### Task to complete
Although the data below holds other lines too, output only those from the line with "(Redaktionelle Menagerie.) „Sie, Herr" up to and including the line with "ZATERDAG 21 OKTOBER.", exactly as they appear.

### Data for processing
::::::

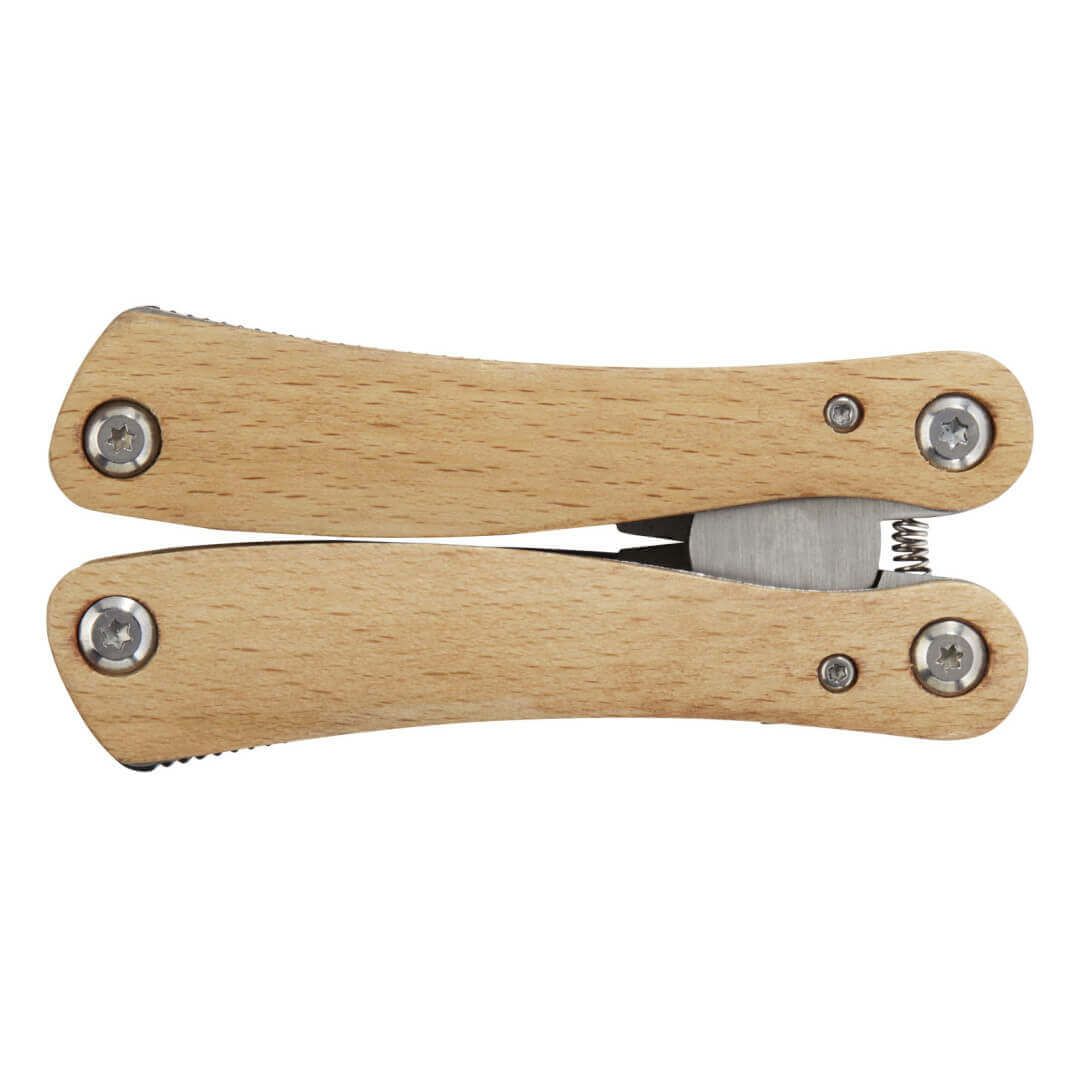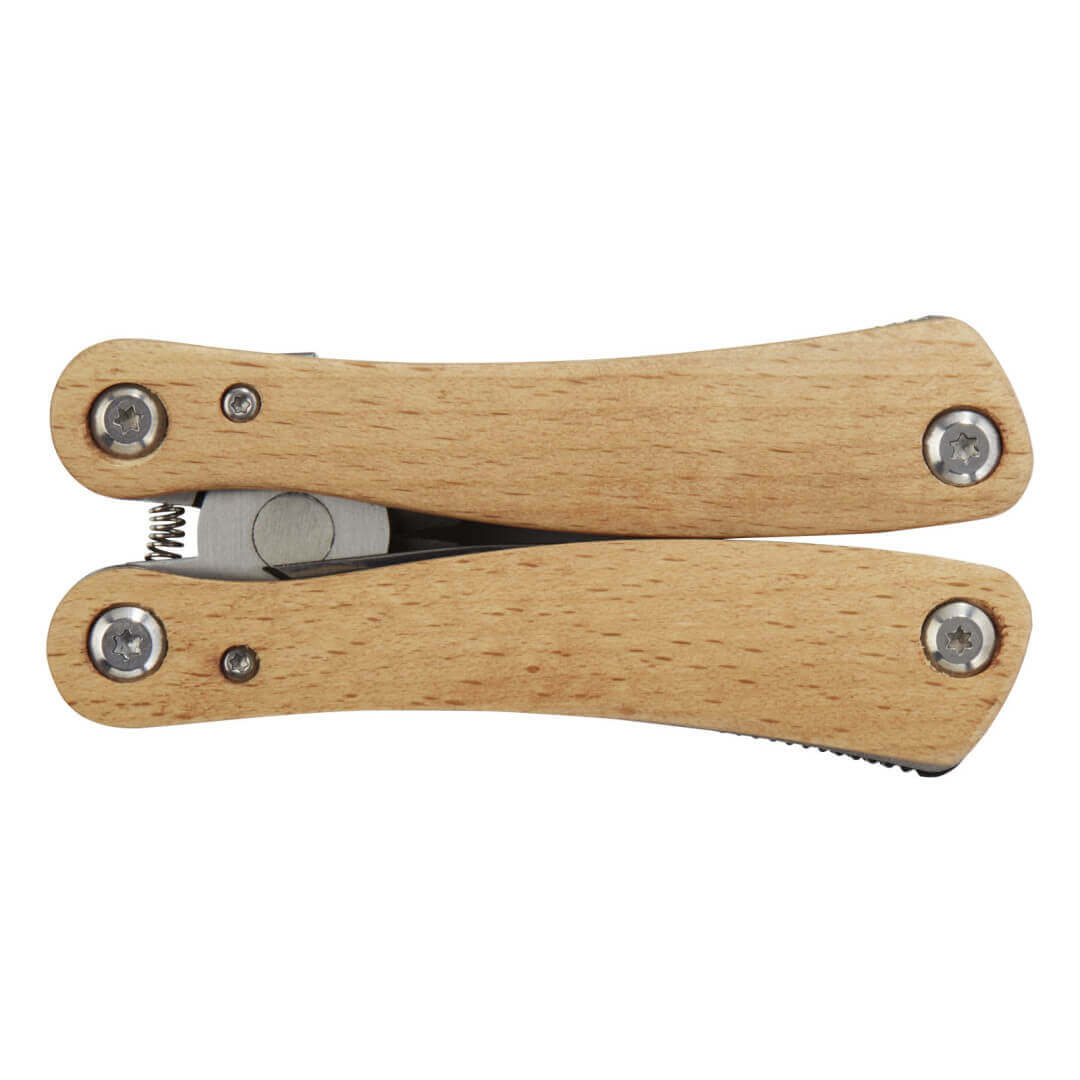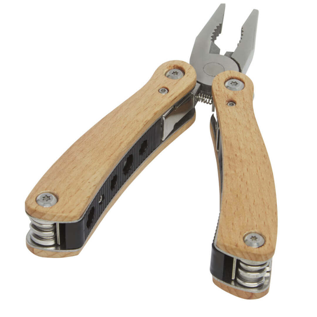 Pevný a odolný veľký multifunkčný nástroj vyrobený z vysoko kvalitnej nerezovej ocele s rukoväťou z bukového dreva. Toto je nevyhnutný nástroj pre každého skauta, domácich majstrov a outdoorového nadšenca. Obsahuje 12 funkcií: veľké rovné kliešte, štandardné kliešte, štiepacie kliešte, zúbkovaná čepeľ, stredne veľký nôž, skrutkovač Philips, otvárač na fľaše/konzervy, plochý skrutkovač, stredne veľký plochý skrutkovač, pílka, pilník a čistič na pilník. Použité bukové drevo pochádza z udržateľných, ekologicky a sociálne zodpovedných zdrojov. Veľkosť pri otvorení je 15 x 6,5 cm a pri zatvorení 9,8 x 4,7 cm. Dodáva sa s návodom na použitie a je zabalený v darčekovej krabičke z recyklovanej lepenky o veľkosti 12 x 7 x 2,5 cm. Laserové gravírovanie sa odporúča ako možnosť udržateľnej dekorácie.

::::::

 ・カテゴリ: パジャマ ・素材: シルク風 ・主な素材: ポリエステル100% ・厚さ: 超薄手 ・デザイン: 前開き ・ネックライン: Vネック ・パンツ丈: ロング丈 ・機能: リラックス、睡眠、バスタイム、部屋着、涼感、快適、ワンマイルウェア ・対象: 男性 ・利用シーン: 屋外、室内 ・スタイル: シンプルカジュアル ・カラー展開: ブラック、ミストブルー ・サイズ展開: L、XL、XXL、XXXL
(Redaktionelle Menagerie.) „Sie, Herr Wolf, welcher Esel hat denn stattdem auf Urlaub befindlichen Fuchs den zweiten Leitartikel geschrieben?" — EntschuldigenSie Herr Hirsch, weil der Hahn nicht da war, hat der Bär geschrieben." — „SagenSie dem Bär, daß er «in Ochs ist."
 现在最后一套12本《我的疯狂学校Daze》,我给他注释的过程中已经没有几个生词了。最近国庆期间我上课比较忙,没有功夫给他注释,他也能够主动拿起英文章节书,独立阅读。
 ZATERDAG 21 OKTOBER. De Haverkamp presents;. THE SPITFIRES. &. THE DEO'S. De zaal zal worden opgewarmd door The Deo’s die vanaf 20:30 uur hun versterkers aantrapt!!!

::::::

### Answer section
(Redaktionelle Menagerie.) „Sie, Herr Wolf, welcher Esel hat denn stattdem auf Urlaub befindlichen Fuchs den zweiten Leitartikel geschrieben?" — EntschuldigenSie Herr Hirsch, weil der Hahn nicht da war, hat der Bär geschrieben." — „SagenSie dem Bär, daß er «in Ochs ist."
 现在最后一套12本《我的疯狂学校Daze》,我给他注释的过程中已经没有几个生词了。最近国庆期间我上课比较忙,没有功夫给他注释,他也能够主动拿起英文章节书,独立阅读。
 ZATERDAG 21 OKTOBER. De Haverkamp presents;. THE SPITFIRES. &. THE DEO'S. De zaal zal worden opgewarmd door The Deo’s die vanaf 20:30 uur hun versterkers aantrapt!!!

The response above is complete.